Sign up to receive updates for the latest tech thought leadership insights, videos, and podcasts.
LegalCo*, a law firm in Cardiff, challenged ROCK to deploy SOC to secure its systems and data. Much of the firm's data was categorised as personal, sensitive and confidential and it recognised that a data breach could destroy their reputation and cost them significantly.
LegalCo challenged ROCK to strengthen its defences against potential cyber security attacks.
In strategic partnership with LegalCo, ROCK worked to learn about how its processes, systems and data supported its operations and how certain threats might impact the organisation. A single point of visibility for all potential threats was established to help in identifying weak links in LegalCo's defences.
It was discovered that LegalCo's disaster recovery and backup processes meant that if a data breach occurred, the most recent version of their data could not be recovered.
ROCK performed a series of tests wherein our engineers imitated the likely actions of cyber criminals. These were conducted both remotely and on-site, revealing several flaws that needed to be addressed. It was discovered that employees' lack of education in cyber security posed one of the strongest threats and this alongside poor anti-virus and firewall configuration meant phishing emails were highly likely to cause security issues.
ROCK worked with LegalCo to visualise its security threat landscape, including: endpoints, servers, software, services, traffic and processes so these assets could be configured in SOC proactive monitoring tools and analysed for threat 24/7/365. Proactive monitoring identified 13 potential threats in the first year and defended against them before an issue occurred.

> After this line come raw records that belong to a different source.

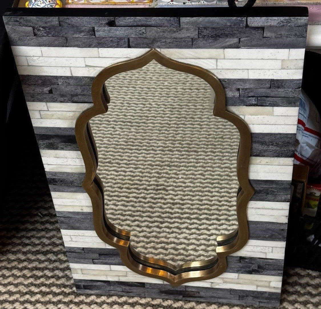 Tigris Accent Wall Mirror reflects your style with a medley of bone-and-horn patterns, framing a quatrefoil mirror, trimmed in hand-hammered brass.
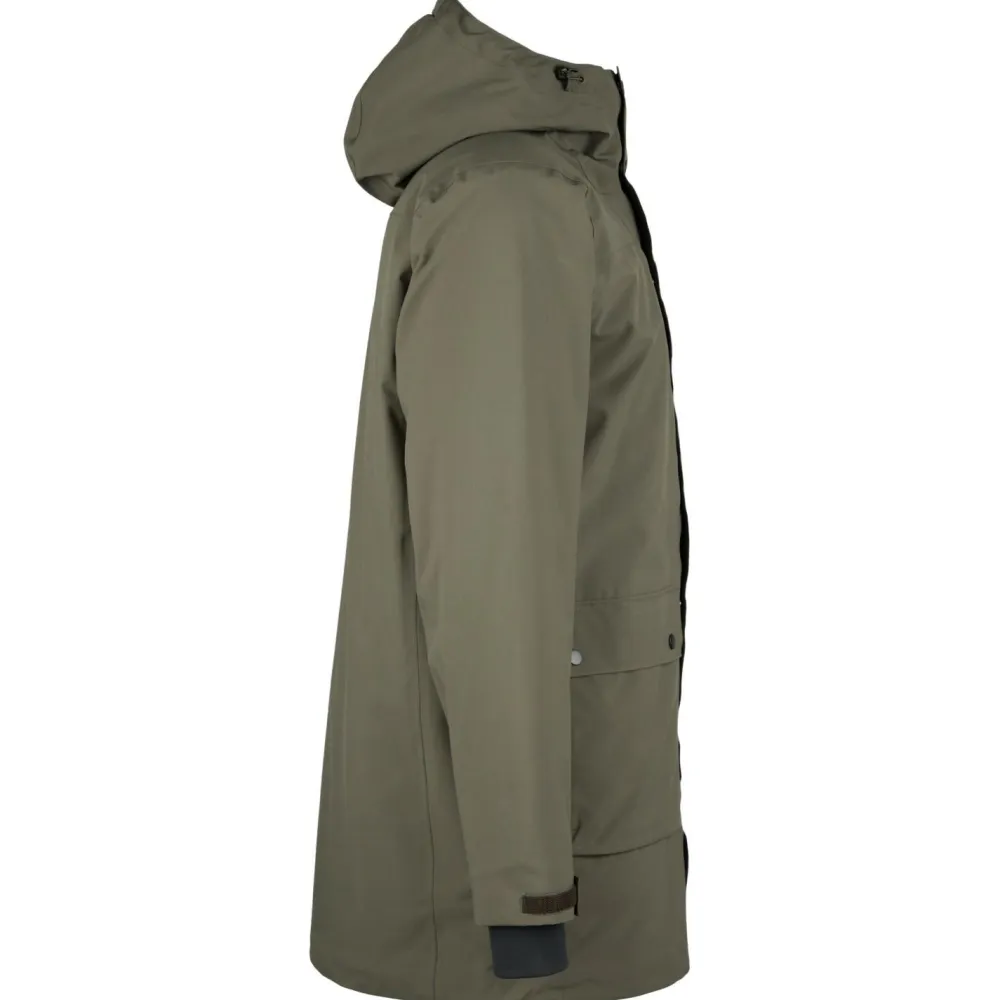 Die Füllung aus 60 % Polyester und 40 % Wolle bringt das Beste aus zwei Welten zusammen: Die Kunstfaser sorgt für Strapazierfähigkeit und schnelles Trocknen, während die Wolle für natürliche Wärme und ein angenehmes Körperklima steht. Diese Kombination macht den Parka besonders alltagstauglich – Du bleibst warm, ohne ins Schwitzen zu kommen. Gleichzeitig bleibt der Parka leicht und trägt sich angenehm, auch bei längeren Wegen oder wechselhaftem Wetter. Zusätzlich schützt Dich das 3-Lagen-Material mit 15.000 mm Wassersäule und 15.000 g/m²/24h Atmungsaktivität zuverlässig vor Nässe und sorgt für ein angenehmes Körperklima.
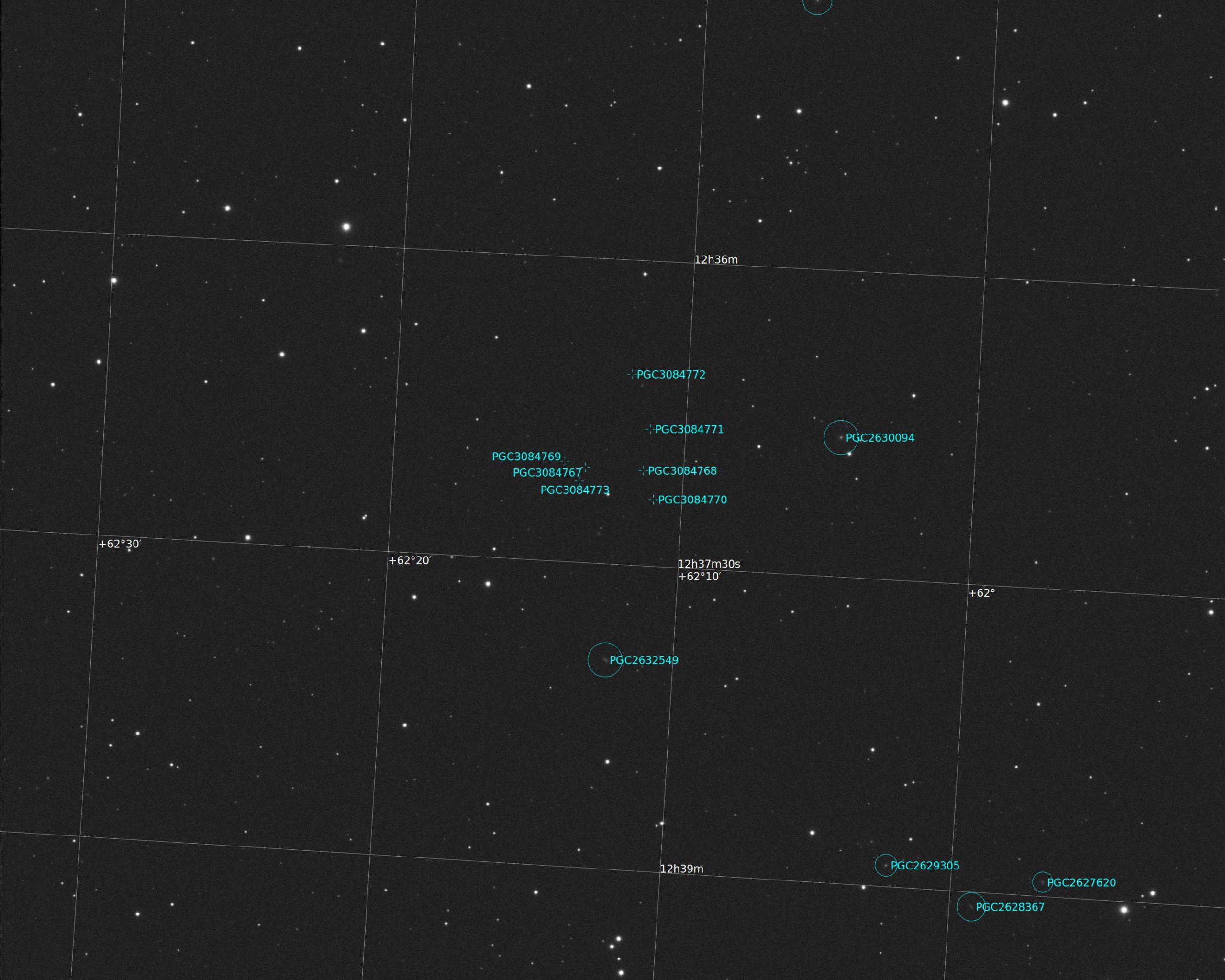 There are many extremely remote and faint fuzzy galaxies across this entire image. I then plate solved this image in PixInsight above to give me the galaxies surrounding the HDF as indicated on the left. Note the PGC galaxies. I used these to zoom in on the Hubble Deep Field area.
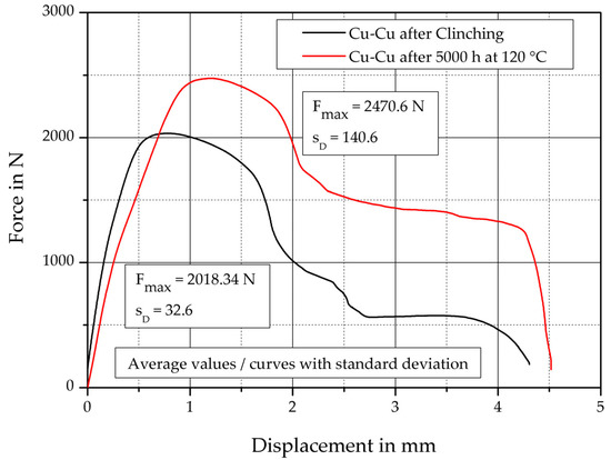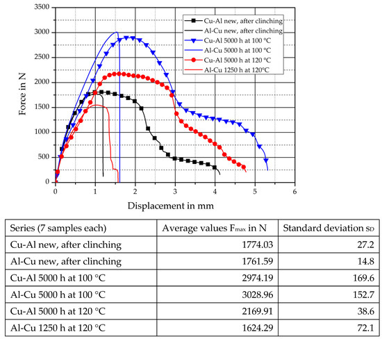 In the case of mixed joints with conductors made of aluminum and copper (Figure 11), the test load is increased by 70% in comparison to the initial state when the aluminum material is arranged on the punch side after complete aging for 5000 h at 100 °C, which is attributable to the onset of precipitation hardening. After loading at 120 °C, there is a significant drop in the test load, which indicates a stress reduction within the aluminum material. The failure diagrams in Figure 11 for this joining part combination show nearly identical failure behavior. All combinations failed due to neck breakage (material failure) without previous deformation of the punch-side material at the clinched joint. Due to the undefined heat treatment during aging and the inhomogeneous microstructural changes at the clinched joint, the standard deviation increases.

Employees were educated on cyber security best practices. This included information on how to verify emails as secure and how to identify phishing emails and fake websites. An ad hoc project was undertaken to include employee education videos and tutorials in the onboarding process so all new employees benefitted from the same education.
*We value our clients and their right to a confidentiality. While the name has been altered, the results are real.